A galvanometer of resistance $50\mathrm{\Omega }$ is connected to a battery of $3\mathrm{V}$ along with a resistance of $2950\mathrm{\Omega }$ in series. A full-scale deflection of $30$ divisions is obtained in the galvanometer. In order to reduce this deflection to $20$ divisions, the resistance in series should be

• A. $6050\mathrm{\Omega }$
• B. $4450\mathrm{\Omega }$
• C. $505\mathrm{\Omega }$
• D. $5550\mathrm{\Omega }$

Answer 1

The correct option is B

$4450\mathrm{\Omega }$

Step 1. Given data

A galvanometer of resistance $50\mathrm{\Omega }$ is connected to a battery of $3\mathrm{V}$ along with a resistance of $2950\mathrm{\Omega }$ in series which is shown in above fiugre. A full-scale deflection of $30$ divisions is obtained in the galvanometer. In order to reduce this deflection to $20$ divisions.

We have to find the resistance in series that is to be connected to the above set up such that the deflection for $3\mathrm{V}$ connection across it corresponds to $20$ divisions.

Step 2. Formula to be used.

According to Kirchhoff's law,

If ${\mathrm{V}}_1,{\mathrm{V}}_2,.....{\mathrm{V}}_{\mathrm{n}}$ shows the individual potential difference across them, then by Kirchhoff’s law of voltage we get,
$\mathrm{V}={\mathrm{V}}_1+{\mathrm{V}}_2+.....+{\mathrm{V}}_{\mathrm{n}}$
For the same is the effective resistance in series is $\mathrm{R}$, then current $\mathrm{I}$ in the circuit is given by ohms law i.e.

$\mathrm{V}=\mathrm{IR}$

Step 3. Calculate current and total initial resistance.

Total initial resistance is,

${\mathrm{R}}_{\mathrm{G}}+{\mathrm{R}}_1=50+2950$

$=3000\mathrm{\Omega }$

$\mathrm{\epsilon }=3\mathrm{V}$

Therefore,

Current $=\frac{3\mathrm{V}}{30000\mathrm{\Omega }}$

$=1\times {10}^{-3}\mathrm{A}$

Step 4. The value of current the resistance R to be connected in series.
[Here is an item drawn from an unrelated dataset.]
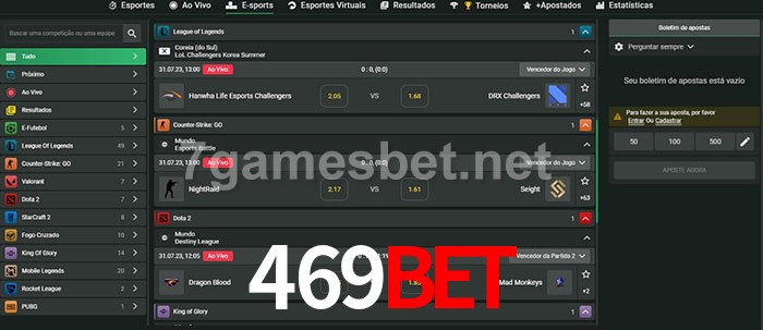 A aposta 469Bet oferece aos jogadores a experiência mais conveniente de apostas em eSports!

If the deflection has to be reduced to $20$ divisions, current $\mathrm{i}=1\mathrm{mA}\times \frac{2}{3}$ as full deflection scale for $1\mathrm{mA}$ which is equal to $30$ divisions.
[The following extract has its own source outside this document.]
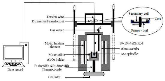 RTW-type melt physical property tester is used to measure the slag viscosity, as shown in Figure 3. The experimental equipment is mainly composed of high temperature heating furnace, torque sensor, control cabinet and software system. In this study, the heating element is U-shaped MoSi2, and the lower part of the furnace is equipped with a refractory base. Pt-6% Rh and Pt-30% Rh thermocouples are used to control the temperature in the furnace, and the measurement error is less than ±2 K. The suspension rod and molybdenum probe are suspended below the torque sensor, the motor drives the probe to rotate and output signals, calculate and record the viscosity value.

$3\mathrm{V}=3000\mathrm{\Omega }\times 1\mathrm{mA}$

$=x\mathrm{\Omega }\times \frac{2}{3}\mathrm{mA}$

$\Rightarrow$ $\mathrm{x}=3000\times 1\times \frac{3}{2}$

$=4500\mathrm{\Omega }$

But the galvanometer resistance is $50\mathrm{\Omega }$.

So,

The resistance to be added $=\left(4500-50\right)\mathrm{\Omega }$

$=4450\mathrm{\Omega }$

Hence, option $\mathrm{B}$ is correct answer.